§ Supplied records:
+++
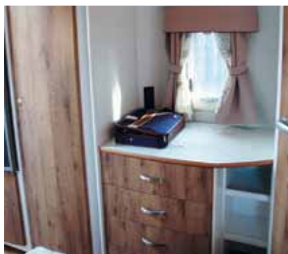
Byrå i sovrummet hör inte till vanligheterna. Finns i Polar 5600.

Det blir poängavdrag för att sänglängden inte når normmättet, och därmed blir obekvämt för personer som är över medellängd. I övrigt är bädden bekväm, och ifråga om belysning, avställningsplatser och annat som gör sovplatsen skön finns inga invändningar.
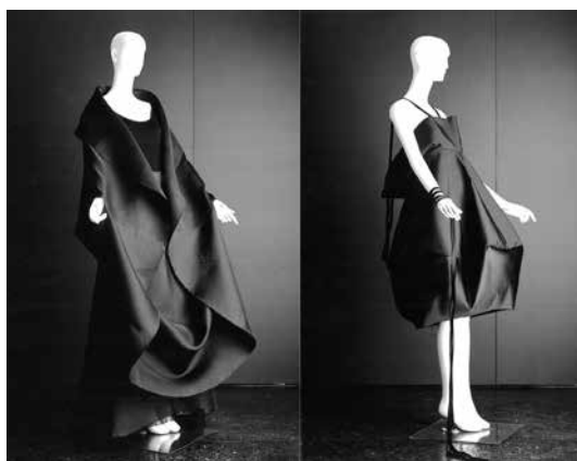
Figura 3: Princípios de Suspensão na construção de Yeohlee Teng

Conduzidos pelo mesmo pensamento estrutural, designers de moda utilizam princípios arquitetônicos para manipular a estrutura e o volume das vestimentas: Ralph Rucci, Junya Watanabe, Teng (Figura 3) e Isabel Toledo, cada um a seu modo, aplicam princípios de suspensão para estruturar seus produtos.
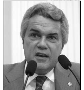
DEPUTADO - defesa do PT

(PTB), que presidiu parte da reunião plenária, disse que "a Reforma Política precisa ser discutida respeitando a realidade de cada Estado".
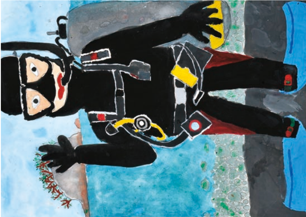
海の仕事ダイビング
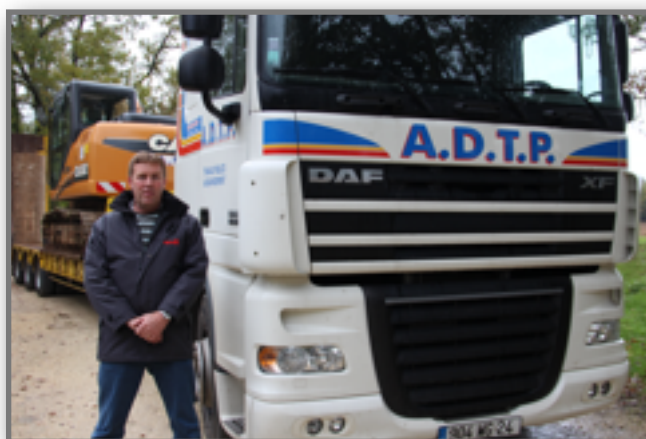
L'entreprise A.D.T.P. se trouve sur la zone d'activités à côté de la Coopérative Agricole
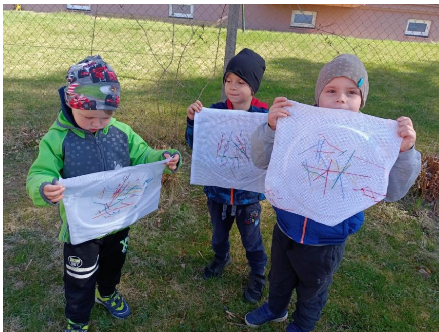
Obrázek 32 Zhotovené výšivky
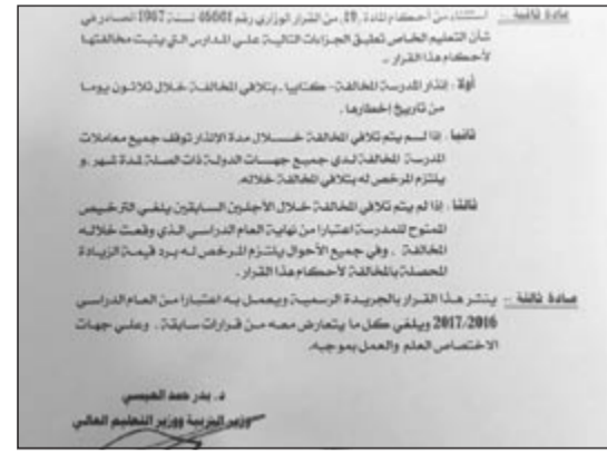
صورة قرار الوزير بزيادة الرسوم المؤرخ في 2016/6/14

مصادر تربوية مطلعة لـ «الأنباء» أن ما نشر عن وقف زيادة الرسوم الدراسية في «الكويت اليوم» في عددها الصادر يوم أمس الأول 2016 /6 /26 بشأن وقف زيادة الرسوم الدراسية، رغم أنه مهوور بتوقيع الوزير د.عيسى العيسى في تاريخ قديم هو 19 مايو. هذه الحالة سببها أن الوزير العيسى أصدر قراراً في 2016/6/14 يتضمن زيادة رسوم المدارس الخاصة بنسبة 3٪ للعام المقبل 2016/2017، ثم زيادتها مرة أخرى في العام التالي 2017/2018 بنسبة 3٪. وحول هذا الأمر كشفت
+++
§ Work to be completed:
Could you count how many lines of the listing above contain the word "Teng" and give only that number?

§ Solution below:
2